Steve Lamacq concludes the Friday edition of his BBC Radio Six drivetime programme with a “free for all.” Listeners are invited to request whatever song they choose.
The selections are sometimes very random, it is an hour when records that would never be otherwise heard on the station are given airtime. Generally, the music is “good,” if not the sort of material that the station’s listeners would generally play themselves, but there are moments when requests of a hint of the mischievous about them, as if they had been chosen because of their capacity to annoy or provoke.
Yesterday, it was the last programme of the year and the invitation to the audience was to send in requests for the last song of the night that had regularly been played at the clubs or discos they attended.
”Ah,” I thought, “this will settle the discussion I had with my friend Philip more than ten years ago.”
We had been at a pub in Bray, Co Wicklow when he had asked whether in Somerset we had Frank Sinatra’s New York, New York at the end of the night.

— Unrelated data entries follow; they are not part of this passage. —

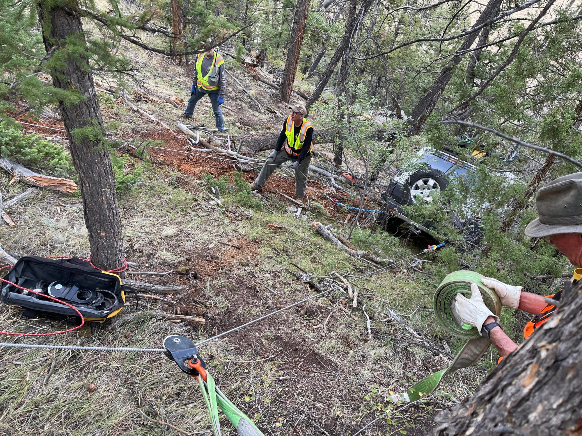 September 7th 9 AM the team began making their way down and up the hill clearing a path for the vehicle as it needed to come up a nearly 40-degree slope in spots.  By noon on the 7th, winch line was starting to be laid down the hill.  Around 2 PM the initial rigging was in place and tensioned, and the lines were inspected to make sure there wouldn’t be any issues to start recovery winching.  The first bit of winching was extremely difficult due to the trees and rocks the vehicle was hung up on.  Progress was extremely slow.  It was realized that even with numerous people on-scene, backup manpower would be needed so a page for additional responders was sent out around 5 PM.  By dinner time the FJ had been recovered uphill about 60-70 feet, with over 300 more to go, and was tied off for the night.
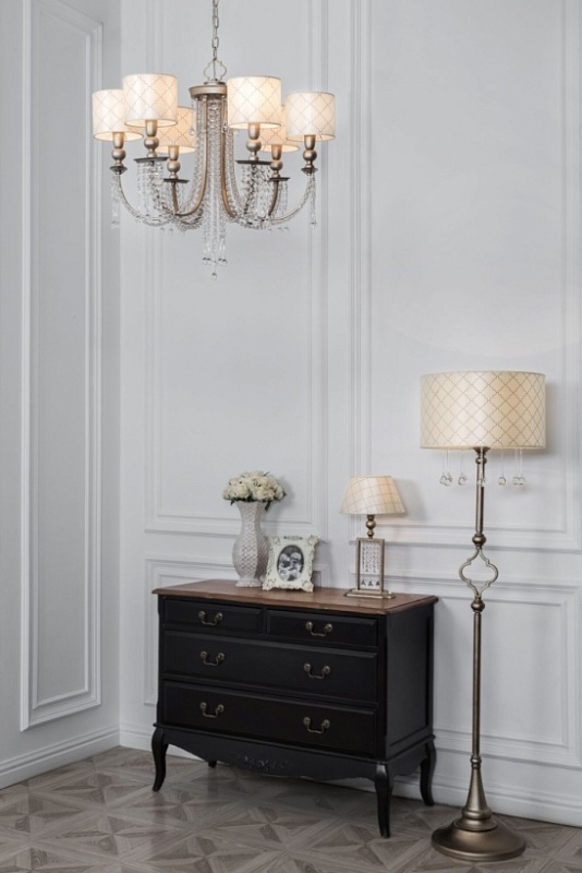 Светильники серии передают особое настроение. Богато украшенные, они наполнят освещаемый интерьер атмосферой блеска и роскоши. Арматура сделана из металла и окрашена в серебристый цвет с эффектом искусственного старения. Абажуры из ткани с орнаментом на ПВХ выполнены в стиле ар-деко. Финальный образ светильников формируют подвески из кристаллов.
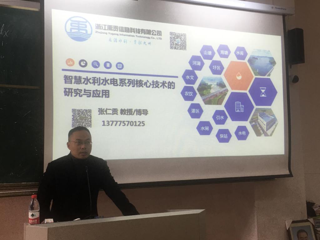 12月9日下午,机电系邀请浙江禹贡信息科技有限公司董事长张仁贡教授来校作了名为《智慧水利水电系列核心的研究与应用》的讲座。讲座由机电系主任金永琪主持。机电系全体教职工参加。
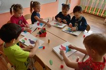 На занятии по художественно-эстетическому воспитанию дети выполняли аппликацию «Сказочная птица»…
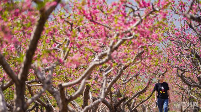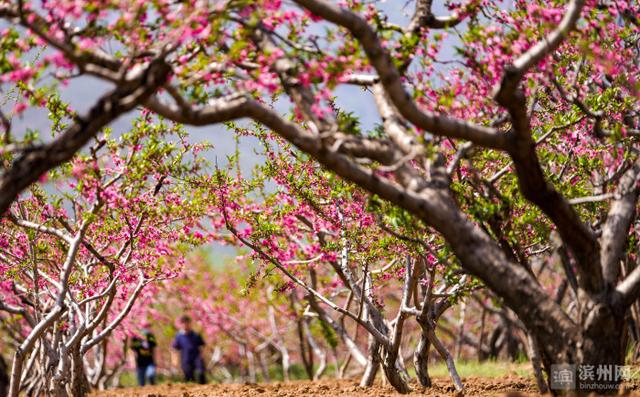 4月11日,邹平市西董街道南部山区西庵村的观光园内,游客游玩赏花。
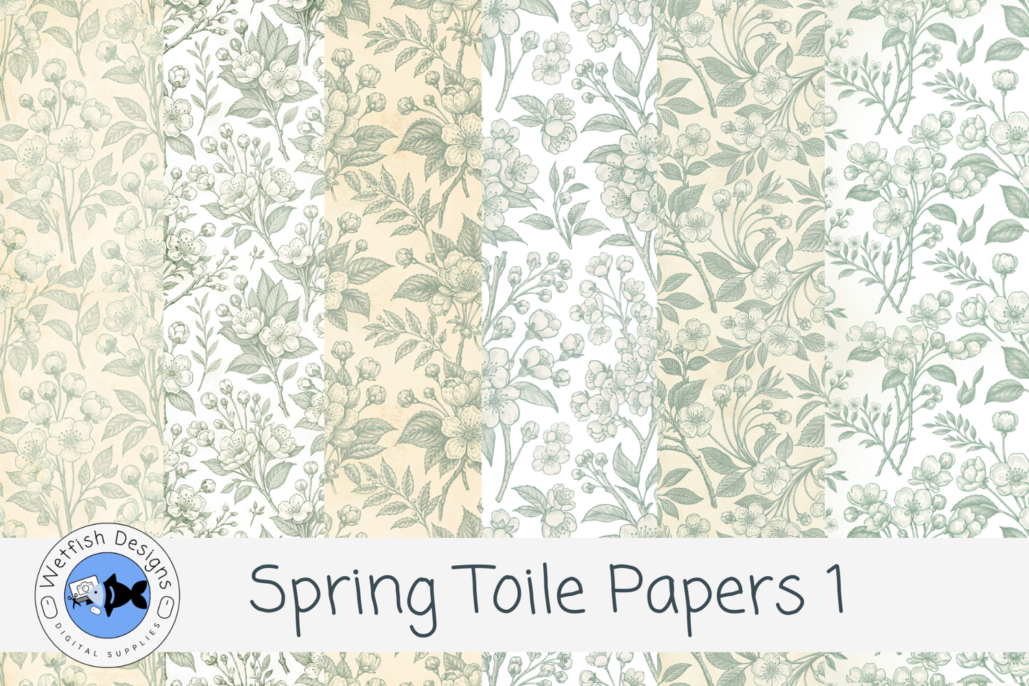 Add classic elegance to your designs with Spring Toile Papers 1. This digital paper pack includes 6 high-resolution JPG backgrounds featuring delicate botanical toile patterns in soft green tones with neutral and cream backgrounds.
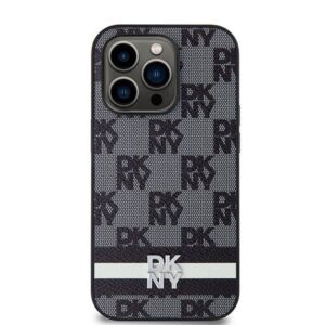 Muu telefoni lisavarustus DKNY DKNY Leather Checkered Mono Pattern & Printed Stripes iPhone 14 Pro Case – Black
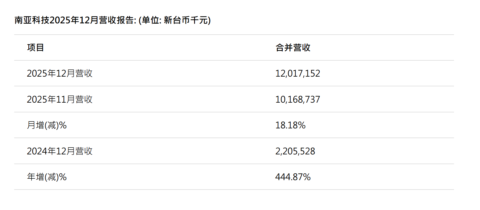 1月6日,南亚科发布2025年12月营收情况,2025年12月自结合并营收为新台币120.17亿元,较上月增加 18.18%,较去年同期增加444.87%。累计合并营收为新台币665.87亿元,较去年同期增加95.09%。
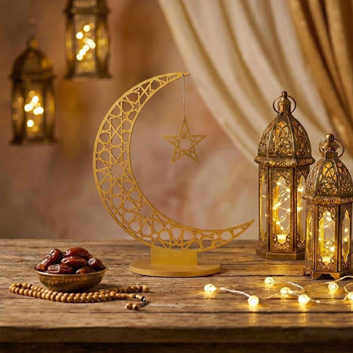 🏠 Perfect for Ramadan and Eid Setup: Place this crescent moon decor on your dining table, console, or prayer corner. It creates a clear focal point for iftar gatherings and Eid celebrations at home.
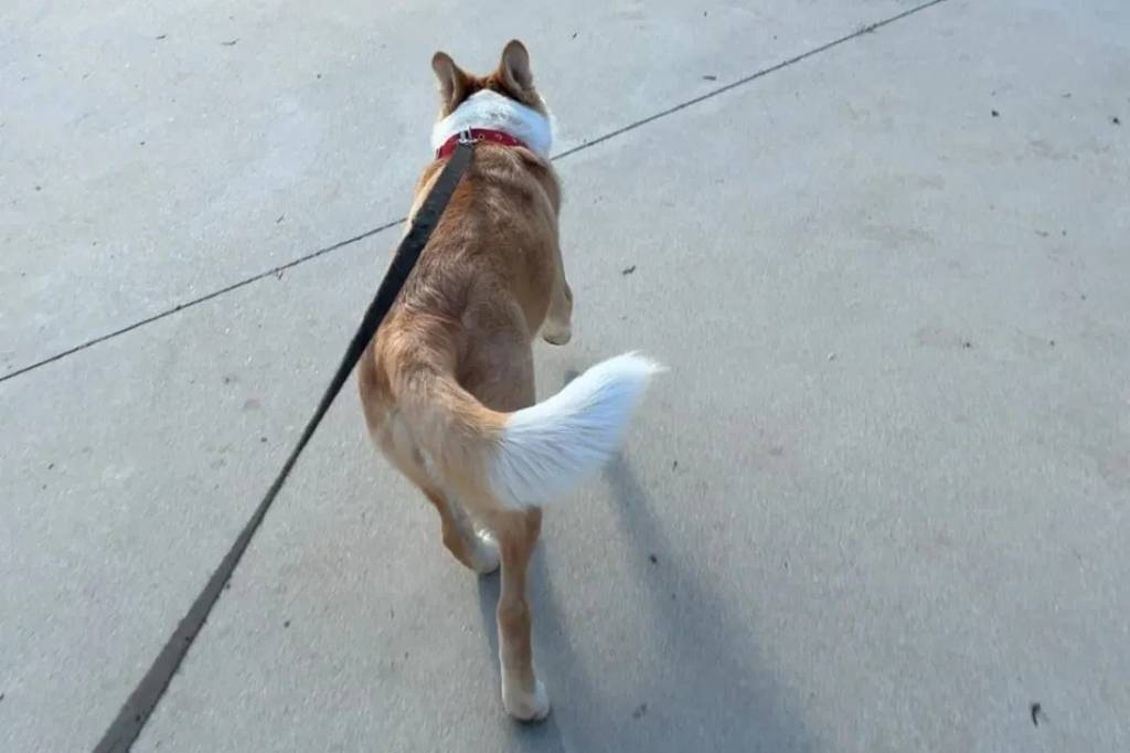 Un American Dingo marchant sur une surface bétonné et tenu en laisse

”No,” I had said, “we had Jeff Beck’s Hi Ho, silver lining.”
Steve Lamacq was about a quarter of the way through the hour, when Jeff Beck got an airing. Clearly there were nights other than Strode College discos when he had played. “I remembered correctly,” I thought, “Jeff Beck really did round off the evening.
A few tracks later, it was the turn of Frank Sinatra. There were obviously people in England who shared similar tastes with the people from the Irish Midland town of Roscommon among whom Philip had grown up.
Very different they may have been, but both songs were an upbeat way of ending the night. Sinatra inspired people to imagine living in a place very different from the one in which they lived. Perhaps a popular aspiration in the Roscommon of the 1970s.
In Somerset, people may have been less inclined to want to move away, but would have been equally regretful that their evening was coming to an end, so the liveliness of Jeff Beck’s song, and the raucous dancing that would accompany it, would always lift the spirits.
Among the other songs played was The Bucket of Water Song from Tiswas. A listener said it was always played at the end of youth club discos, and would lead to water fights that would bring a two week suspension from the club.
The most unlikely of the choices played seemed to be Will You? It is a plaintive cry from the heart from Hazel O’Connor’s 1980 film Breaking Glass. Forty years after I first heard it, it still has a raw power, the saxophone solo mining a deep vein of emotions. At a disco, it is a song with a rhythm more appropriate for the slow set, but with lyrics that seem far from the cheeriness of a disco night.
The programme prompted a feeling of reassurance. Out there, there were people who shared both my memories and my taste.